San Luis Valley-Calumet-Comanche Unit 3 Transmission Project In May 2009, PSCo and Tri-State Generation and
Transmission Association filed a joint application with the CPUC for a project for 230 KV and 345 KV line and substation
construction. The line is intended to assist in bringing solar power in the San Luis Valley to load. The line was originally expected
to be placed in-service in 2013; however, that appears unlikely now due to delays in the siting and permitting of the line. Several
landowners oppose this transmission line, including two large ranches. In November 2010, the ALJ issued a recommended
decision granting the CPCN but proposing a significant refund obligation if the line was not heavily utilized ten years after it was
in service. Several parties, including PSCo, filed exceptions to the recommended decision.
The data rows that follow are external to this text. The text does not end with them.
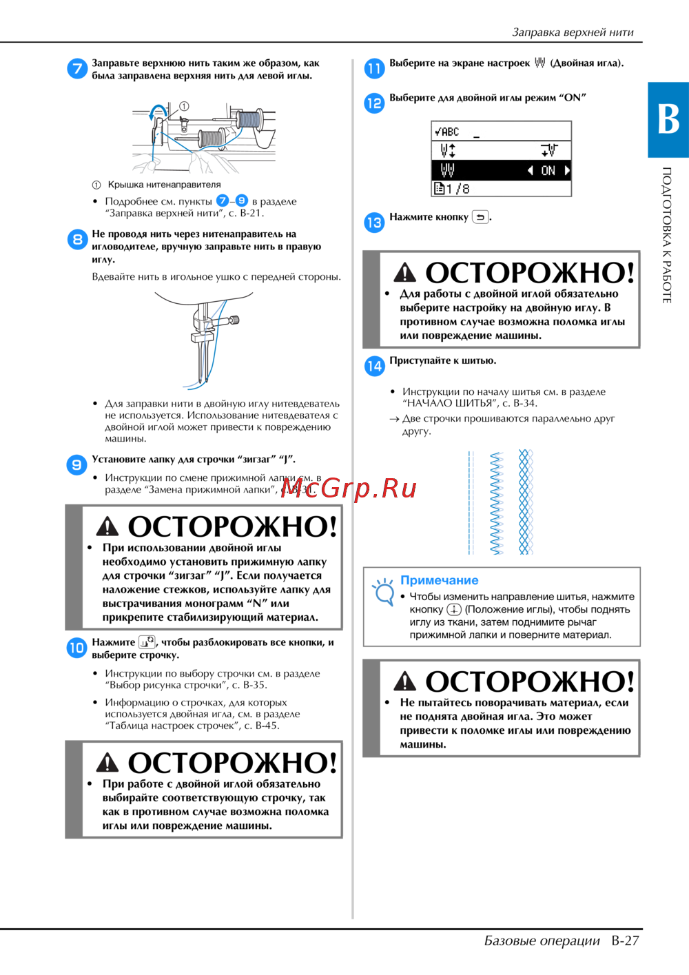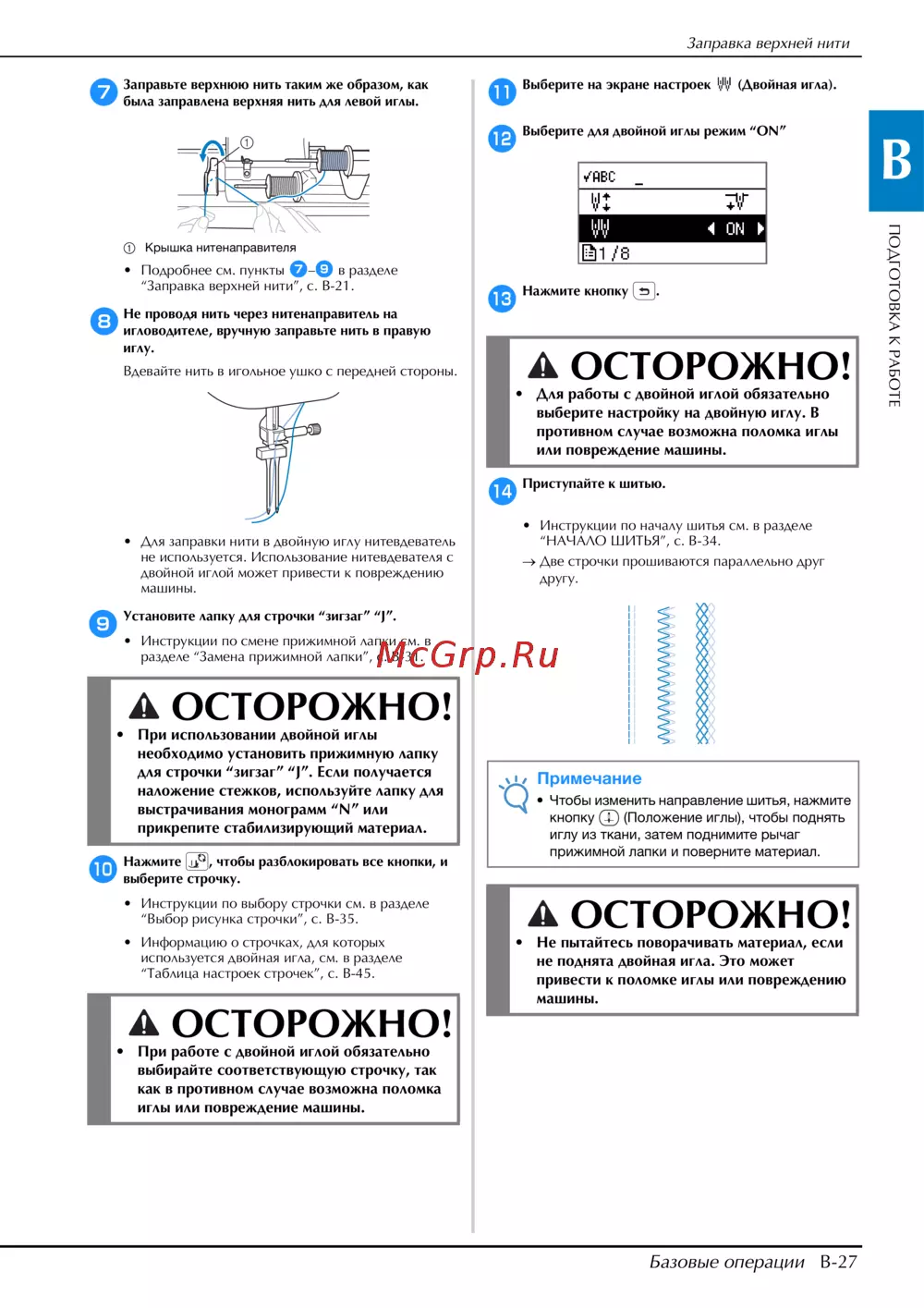 Узнайте, как правильно заправить верхнюю нить и использовать двойную иглу. Следуйте инструкциям для предотвращения поломок и повреждений швейной машины.
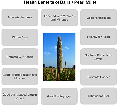 - आसान पाचन - स्वस्थ आंत समग्र स्वास्थ्य का संकेत है और बाजरा बाजरा अच्छे पाचन को प्राप्त करने और कब्ज को रोकने में सहायता करता है। बाजरा साबुत अनाज लस मुक्त होता है और इसमें उच्च अघुलनशील फाइबर होता है जो पाचन तंत्र को साफ रखता है
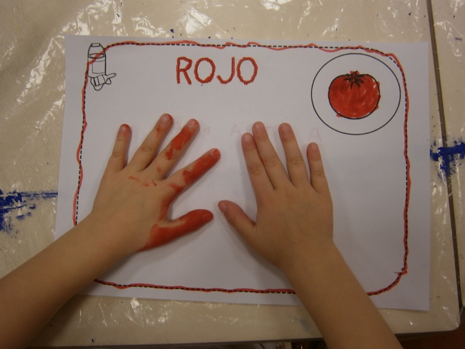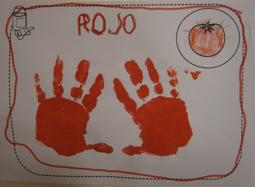 Lo primero que hemos hecho ha sido estampar nuestras manos en una ficha preparada para recordar cada semana los diferentes colores que vayamos trabajando. Repasamos el marco, las letras del color ROJO y pintamos una cosita de ese color, en este caso un tomate. Esto lo haremos todos los días con el color correspondiente de cada taller.
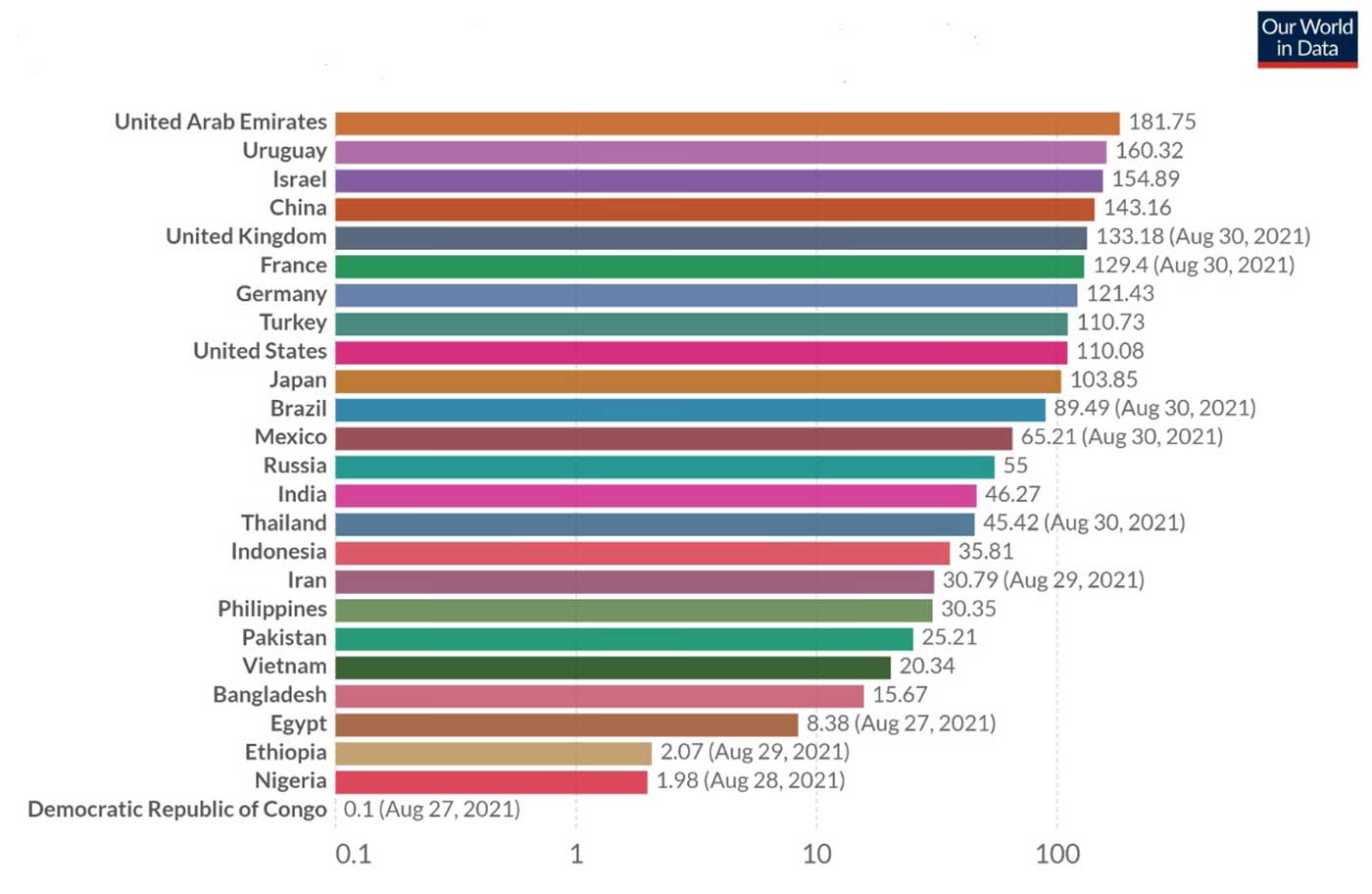 ووفقا لبيانات الموقع فقد جاءت الأوروغواي في المركز الثاني بمعدل 158.92 جرعة لكل 100 من السكان، يليها اسرائل بمعدل تطعيم 154.89 جرعة لكل 100 من السكان، واحتلت الصين المركز الرابع بمعدل 142.36 جرعة لكل 100 من السكان، وجاءت المملكة المتحدة في المركز الخامس بمعدل 133.18 جرعة، واحتلت فرنسا المركز السادس عالميا بواقع 129.4 جرعة، ثم ألمانيا بمعدل 121.16 جرعة، بينما احتلت الولايات المتحدة الأمريكية المركز الثامن بمعدل 109.88 جرعة، ثم تركيا بمعدل 109.73جرعة، بينما جاءت اليابان في المركز العاشر بواقع 102.15 جرعة لكل 100 من السكان.

The CPUC deliberated on the
exceptions to the recommended decision and granted the CPCN without the refund obligation recommended by the ALJ. A
written decision will follow.
SmartGridCity™ CPCN — As part of the PSCo electric rate case, the CPUC included recovery of the revenue requirements
associated with $45 million of capital and $4 million of annual O&M costs incurred by PSCo to develop and operate
SmartGridCity™, subject to refund, and ordered PSCo to file for a CPCN for that project.
In February 2011, the CPUC approved the CPCN and allowed recovery of approximately $28 million of the capital cost and 100
percent of the O&M costs and ordered PSCo to file for a rate reduction in April 2011 to reflect the lower level of capital in rate
base. The CPUC seeks additional information regarding the future plans to utilize SmartGridCity™ in an application to recover
the additional capital. PSCo believes that it will be able to satisfy that requirement.
Fuel Supply and Costs
The following table shows the delivered cost per MMBtu of each significant category of fuel consumed for electric generation,
the percentage of total fuel requirements represented by each category of fuel and the total weighted average cost of all fuels.
Weighted
Average
Fuel Cost
Coal Natural Gas
PSCo Generating Plants Cost Percent Cost Percent
2010 ....................................................... $ 1.58 85% $ 5.05 15% $ 2.11
2009 ....................................................... 1.52 82 3.99 18 1.97
2008 ....................................................... 1.42 84 7.03 16 2.31
See Items IA and 7 for further discussion of fuel supply and costs.
Fuel Sources
Coal Coal inventory levels may vary widely among plants. However, PSCo normally maintains approximately 41 days of coal
inventory at each plant site. Coal supply inventories at Dec. 31, 2010 and 2009 were approximately 34 and 68 days usage,
respectively, based on the maximum burn rate for all of PSCo’s coal-fired plants. PSCo’s generation stations use low-sulfur
western coal purchased primarily under contracts with suppliers operating in Colorado and Wyoming. During 2010 and 2009,
PSCo’s coal requirements for existing plants were approximately 11.2 million and 9.2 million tons, respectively.
PSCo has contracted for coal suppliers to supply 84 percent of its coal requirements in 2011, 53 percent of its coal requirements in
2012 and 22 percent of its coal requirements in 2013. Any remaining requirements will be filled through an RFP process or
through over-the-counter transactions.
PSCo has coal transportation contracts that provide for delivery of 100 percent of its coal requirements in 2011, 67 percent of its
coal requirements in 2012 and 66 percent of its coal requirements in 2013. Coal delivery may be subject to short-term
interruptions or reductions due to operation of the mines, transportation problems, weather, and availability of equipment.